Problem to work on >>
What you write must match, character for character, the lines from the one with "魔法使いの夜×Fate/Grand Orderコラボレーションイベント「魔法使いの夜アフターナイト 隈乃温泉殺人事件" down to the one with "澳元/美元日线图分析显示该货" in the listing below, minus its pictures.
****************************************
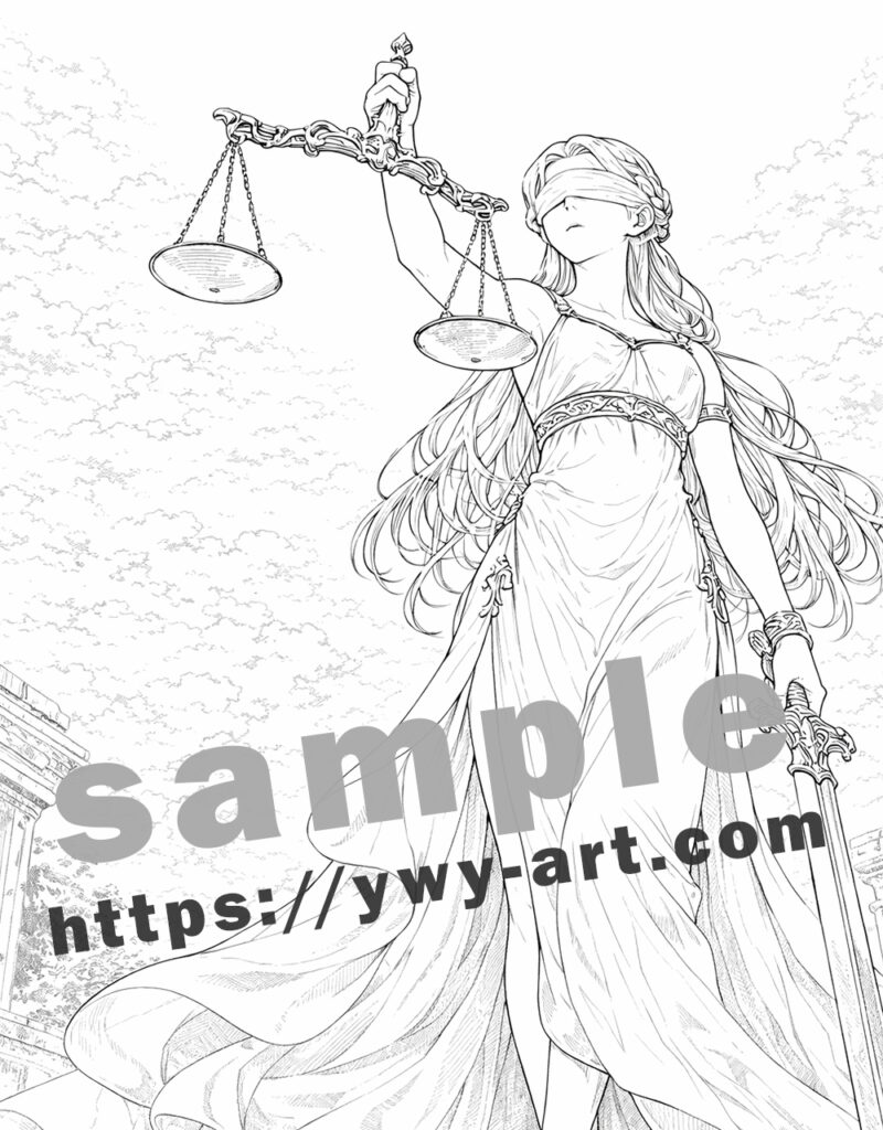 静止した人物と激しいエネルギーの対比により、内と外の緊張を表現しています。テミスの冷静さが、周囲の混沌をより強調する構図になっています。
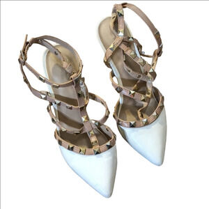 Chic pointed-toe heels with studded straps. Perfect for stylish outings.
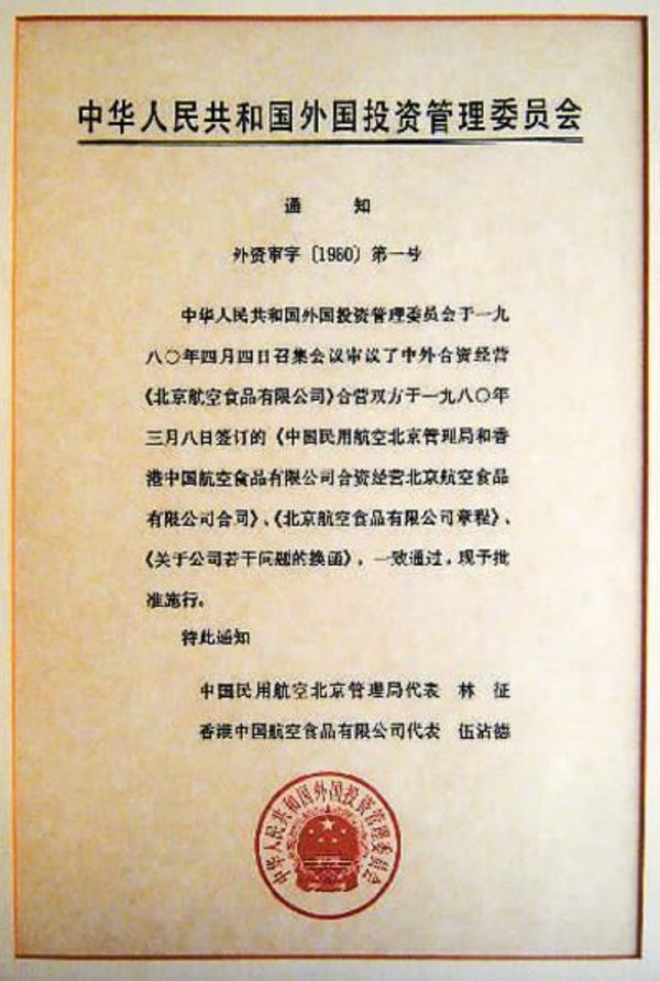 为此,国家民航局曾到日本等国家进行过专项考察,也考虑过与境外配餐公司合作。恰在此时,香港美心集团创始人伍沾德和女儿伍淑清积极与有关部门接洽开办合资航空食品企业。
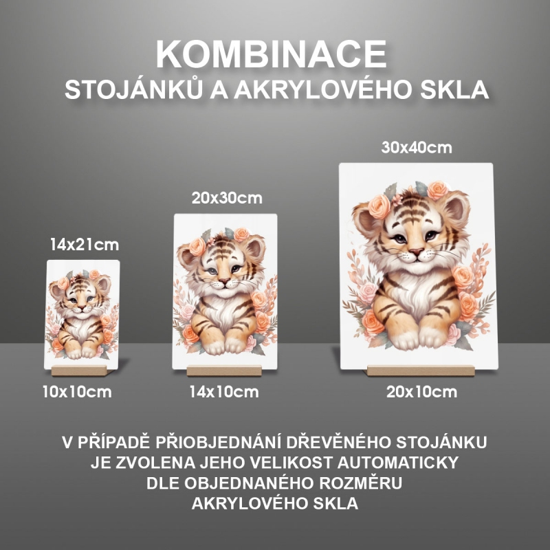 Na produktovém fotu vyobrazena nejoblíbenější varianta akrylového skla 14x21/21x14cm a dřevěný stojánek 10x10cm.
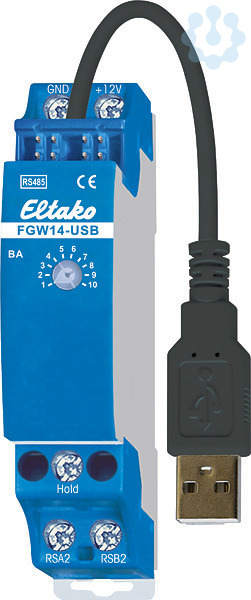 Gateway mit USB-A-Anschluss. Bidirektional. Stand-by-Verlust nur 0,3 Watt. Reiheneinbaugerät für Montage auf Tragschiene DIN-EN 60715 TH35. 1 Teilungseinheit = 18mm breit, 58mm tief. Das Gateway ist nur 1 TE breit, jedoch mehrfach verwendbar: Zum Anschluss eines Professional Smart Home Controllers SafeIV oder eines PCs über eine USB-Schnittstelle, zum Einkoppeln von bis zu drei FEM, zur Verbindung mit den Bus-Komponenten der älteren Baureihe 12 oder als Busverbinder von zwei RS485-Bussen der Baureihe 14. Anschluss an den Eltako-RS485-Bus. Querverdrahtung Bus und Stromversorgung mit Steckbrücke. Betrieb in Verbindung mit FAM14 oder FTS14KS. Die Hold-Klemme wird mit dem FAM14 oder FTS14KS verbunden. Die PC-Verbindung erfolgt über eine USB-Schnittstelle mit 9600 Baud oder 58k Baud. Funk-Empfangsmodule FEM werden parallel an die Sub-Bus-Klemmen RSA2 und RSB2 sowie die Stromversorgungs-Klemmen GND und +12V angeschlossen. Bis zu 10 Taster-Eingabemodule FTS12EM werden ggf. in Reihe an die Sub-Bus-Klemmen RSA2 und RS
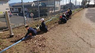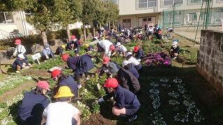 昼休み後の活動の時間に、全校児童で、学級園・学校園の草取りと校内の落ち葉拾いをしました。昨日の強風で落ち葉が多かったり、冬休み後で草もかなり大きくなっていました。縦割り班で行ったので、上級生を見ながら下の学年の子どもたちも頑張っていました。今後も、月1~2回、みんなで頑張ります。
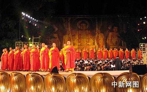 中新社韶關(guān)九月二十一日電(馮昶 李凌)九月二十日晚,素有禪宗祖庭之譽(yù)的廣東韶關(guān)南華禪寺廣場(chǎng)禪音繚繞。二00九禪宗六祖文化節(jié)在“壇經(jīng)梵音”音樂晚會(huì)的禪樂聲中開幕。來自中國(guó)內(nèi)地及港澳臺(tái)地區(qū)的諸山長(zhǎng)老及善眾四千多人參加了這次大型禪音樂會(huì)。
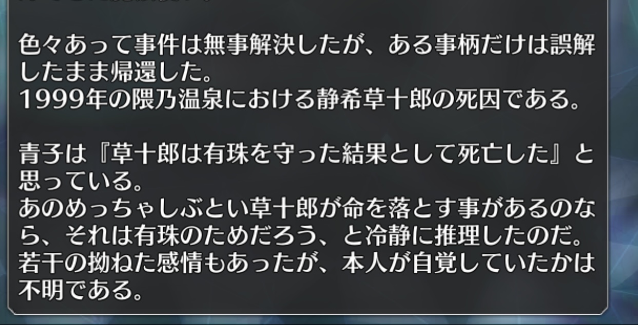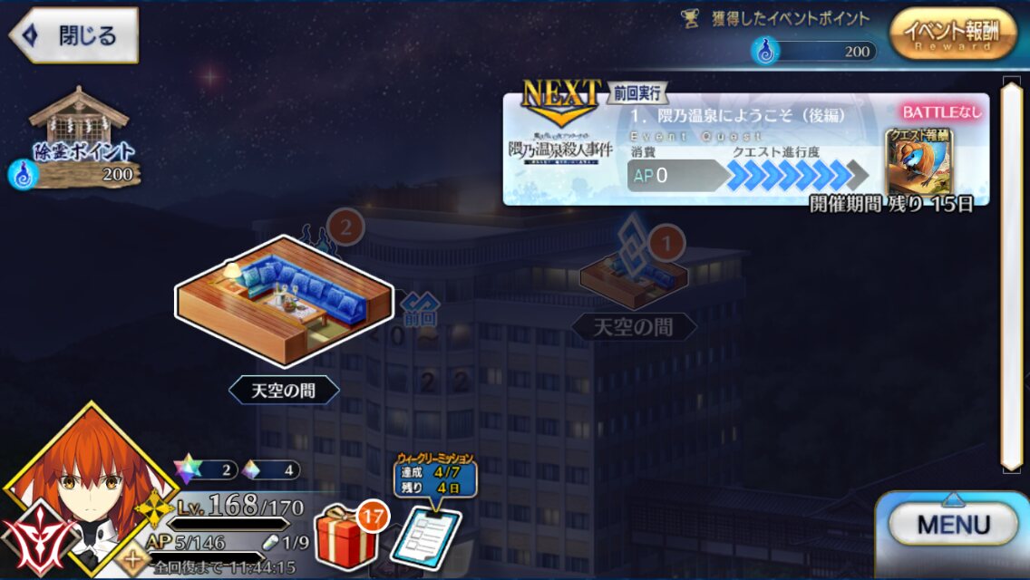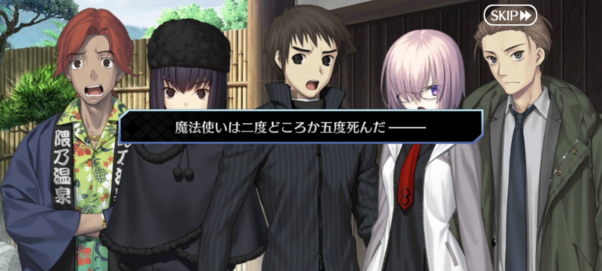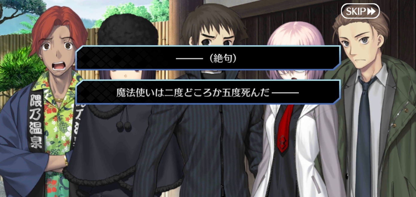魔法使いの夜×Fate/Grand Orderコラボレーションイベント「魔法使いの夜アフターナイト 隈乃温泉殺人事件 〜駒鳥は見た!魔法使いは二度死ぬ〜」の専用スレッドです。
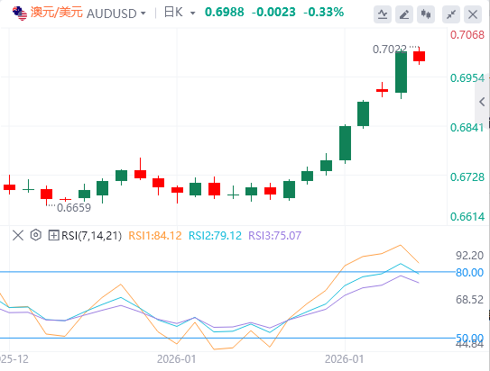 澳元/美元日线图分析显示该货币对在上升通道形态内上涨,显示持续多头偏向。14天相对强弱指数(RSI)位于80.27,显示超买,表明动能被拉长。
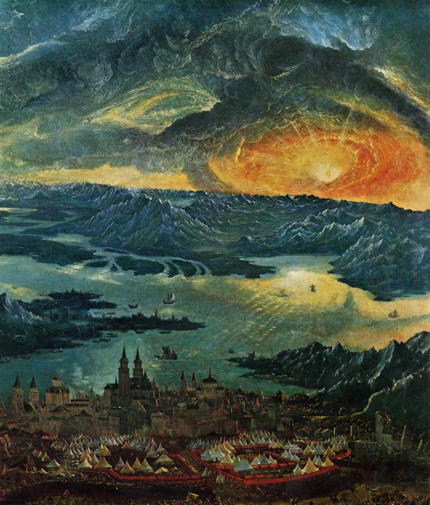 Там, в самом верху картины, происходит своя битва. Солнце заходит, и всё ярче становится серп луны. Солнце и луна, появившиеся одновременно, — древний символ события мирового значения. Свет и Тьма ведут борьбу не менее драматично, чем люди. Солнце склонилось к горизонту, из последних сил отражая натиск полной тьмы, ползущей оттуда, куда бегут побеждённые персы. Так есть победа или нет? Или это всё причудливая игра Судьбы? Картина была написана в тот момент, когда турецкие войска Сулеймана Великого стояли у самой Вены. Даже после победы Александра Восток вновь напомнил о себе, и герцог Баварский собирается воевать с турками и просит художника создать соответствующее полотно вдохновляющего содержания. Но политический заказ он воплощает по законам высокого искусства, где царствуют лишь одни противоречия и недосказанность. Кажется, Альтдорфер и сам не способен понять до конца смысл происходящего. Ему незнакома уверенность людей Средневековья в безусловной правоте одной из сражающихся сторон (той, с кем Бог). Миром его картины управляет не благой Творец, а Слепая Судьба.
****************************************
Exercise solution >>
魔法使いの夜×Fate/Grand Orderコラボレーションイベント「魔法使いの夜アフターナイト 隈乃温泉殺人事件 〜駒鳥は見た!魔法使いは二度死ぬ〜」の専用スレッドです。
 澳元/美元日线图分析显示该货币对在上升通道形态内上涨,显示持续多头偏向。14天相对强弱指数(RSI)位于80.27,显示超买,表明动能被拉长。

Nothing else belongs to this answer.